İçindekiler:

Fransız eyaletinin belediye başkanının 1946'da giyotine gönderildiği: "Parisli kasap" Marcel Petiot
Fransız eyaletinin belediye başkanının 1946'da giyotine gönderildiği: "Parisli kasap" Marcel Petiot

Video: Fransız eyaletinin belediye başkanının 1946'da giyotine gönderildiği: "Parisli kasap" Marcel Petiot

Video: Fransız eyaletinin belediye başkanının 1946'da giyotine gönderildiği:
Video: WWE MAYHEM NO FAKE WRESTLING HERE - YouTube 2024, Nisan
Anonim

Savaş sırasında suç işlemek son derece karlı ve çok güvenlidir. Bu, Fransız Marcel Petiot'un geçen yüzyılın 40'lı yılların başında ulaştığı sonuçtur. Ülkesi Almanya'nın egemenliği altındayken, dedikleri gibi, içindeki şeytanları serbest bıraktı.

Petio. İlk kan

Geleceğin "Şeytan" ın çocukluğu hakkında güvenilir bilgi yoktur. Auxerre'nin yerlisi olduğu ve Ocak 1897'de doğduğu bilinmektedir. Çocukken, Marcel, sadist eğilimlerle şiddetli ve uygunsuz davranışlarla ayırt edildi, bu yüzden birkaç kez onu okuldan kovmak istediler. Ancak eğitim, bir gıcırtı ile de olsa, yine de Petiot'u aldı. 1914'te başka bir numaradan sonra inceleme için uzmanlara gönderildi. Ve sağlık komisyonu adamı akıl hastası buldu. Marcel, elbette, normal bir eğitim kurumundan atıldı ve uzman bir kuruma transfer edildi.

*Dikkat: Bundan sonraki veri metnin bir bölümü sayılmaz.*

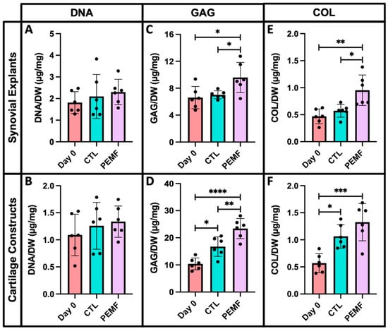 In bovine synovium and cartilage explants, no significant changes in DNA levels were observed between PEMF treated groups and controls (Figure 12A,B). Synovium exposed to PEMF exhibited a 37% increase in GAG content compared to untreated day 7 samples (Figure 12C; p = 0.0406). In cartilage constructs, the difference in GAG was slightly more profound for PEMF treated explants with an overall increase of 40% relative to day 7 controls (Figure 12D; p = 0.0076). Compared to explants collected during initial harvest (day 0), PEMF exposed synovium exhibited a 45% increase in GAG levels (p = 0.0173). Both day 7 controls and PEMF treated cartilage explants also had significantly elevated GAG compared to day 0 samples (p = 0.0101 and p < 0.0001, respectively). Synovium under PEMF treatment also exhibited a 66% increase in collagen content compared to day 7 controls (p = 0.0103), while no significant changes were observed between the same treatment groups for the cartilage explants (Figure 12E,F). Compared to day 0 specimens, a greater than 2-fold increase in collagen levels was observed for both synovium and cartilage tissue under PEMF stimulation (p = 0.0016 and p = 0.0003, respectively). In cartilage explants, an 87% increase in collagen levels were also measured in day 7 controls compared to day 0 samples (p = 0.0117).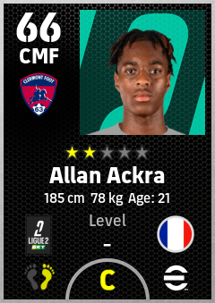 . Allan Ackra is a Center Midfielder footballer from France who plays for Clermont Foot 63 in eFootball 2026.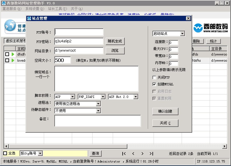 1. 网站管理:一键添加网站(IIS)、添加网站FTP、自定义网站目录、创建MySql数据库、自定义网站支持脚本(如:asp/php/asp.net)、站点权限独立设置。
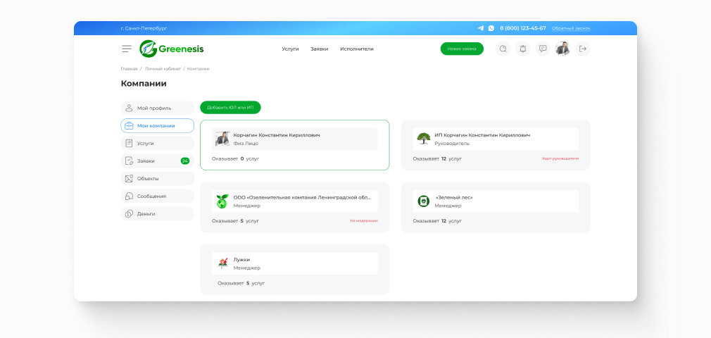 Один пользователь может зарегистрировать несколько профилей на платформе, например: физлицо, чтобы заказать работы на своем участке; ИП, оказывающее услуги; ООО, где человека добавили сотрудником. Переключаться между ролями можно без повторного входа.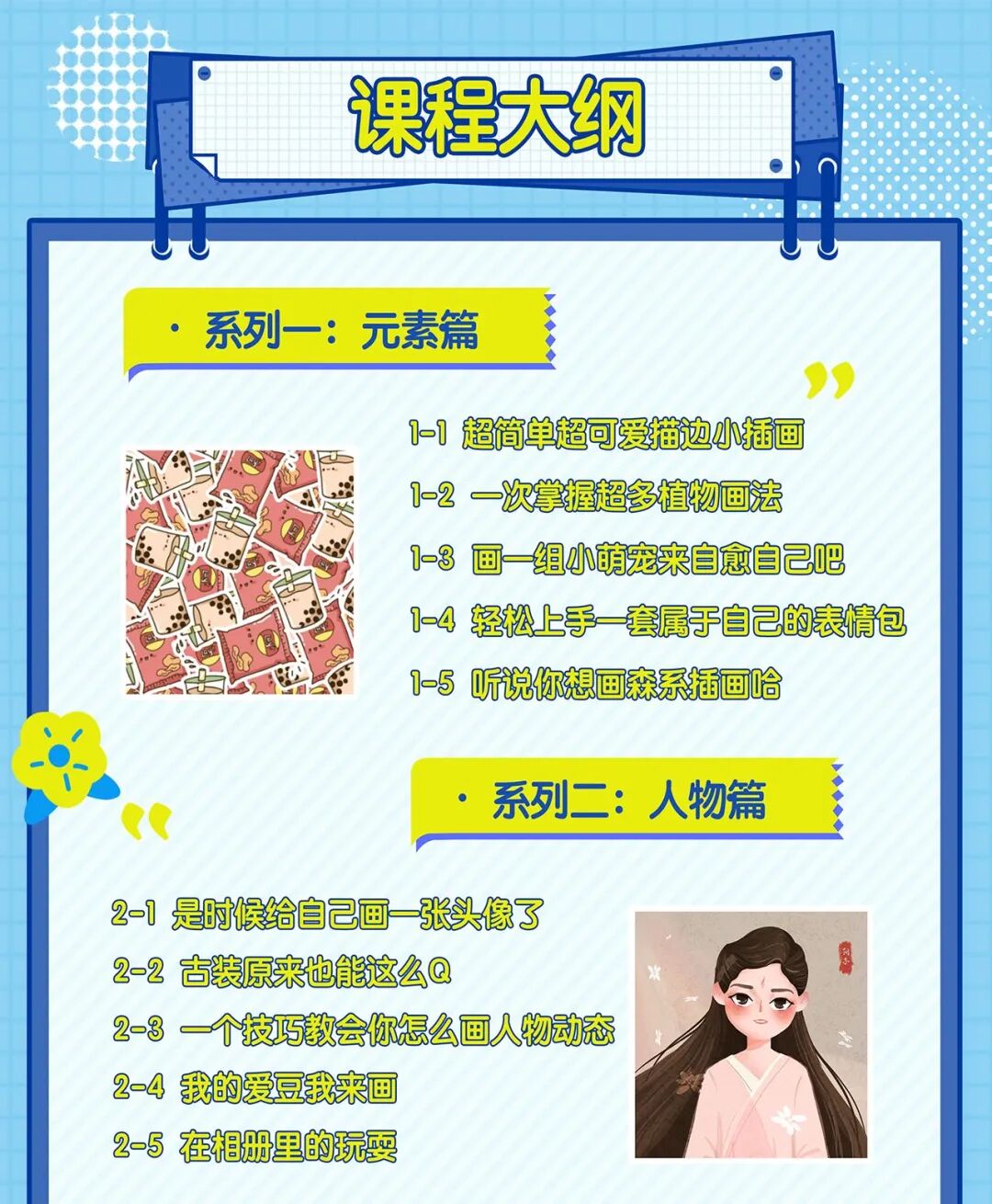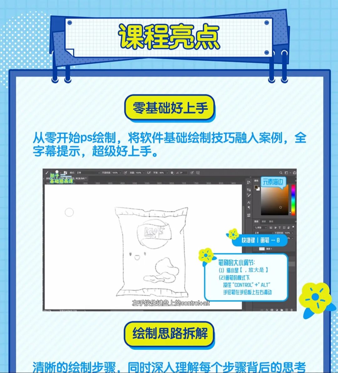 ps插画零基础必备,15个保姆级案例代练,从零开始阶段性升级,一一攻克软件绘画使用技巧、清晰了解的绘制步骤,深入理解创作思路,快速掌握线描和森系两种风格,并且让插画融入生活,创作属于自己的插画周边衍品

Seferberlik, Petiot'a ancak 1916'da, Fransa'nın ciddi şekilde askere ihtiyacı olduğu zaman ulaştı. İlginç bir şekilde, şimdi tıbbi komisyon herhangi bir zihinsel anormallik görmedi. Marcel savaşmaya gitti.

Fransız'ın savaş yolu pek parlak olarak adlandırılamaz. İlk muharebelerden birinde yaralandı ve hastaneye kaldırıldı. Ancak Petiot için normal tedavi bile imkansız bir işti - hırsızlık yaparken yakalandı. Zaman zor olduğu için, kimse onunla törende durmadı. Ve Marcel hapse girdi. Oradan - hastaneye. Petiot yeniden cephe hattına ancak 1918 yazının başında geldi. Ama sadece kısa sürede hastaneye geri dönebilmek için. Fransız'ın kendini bacağından vurduğu ortaya çıktı …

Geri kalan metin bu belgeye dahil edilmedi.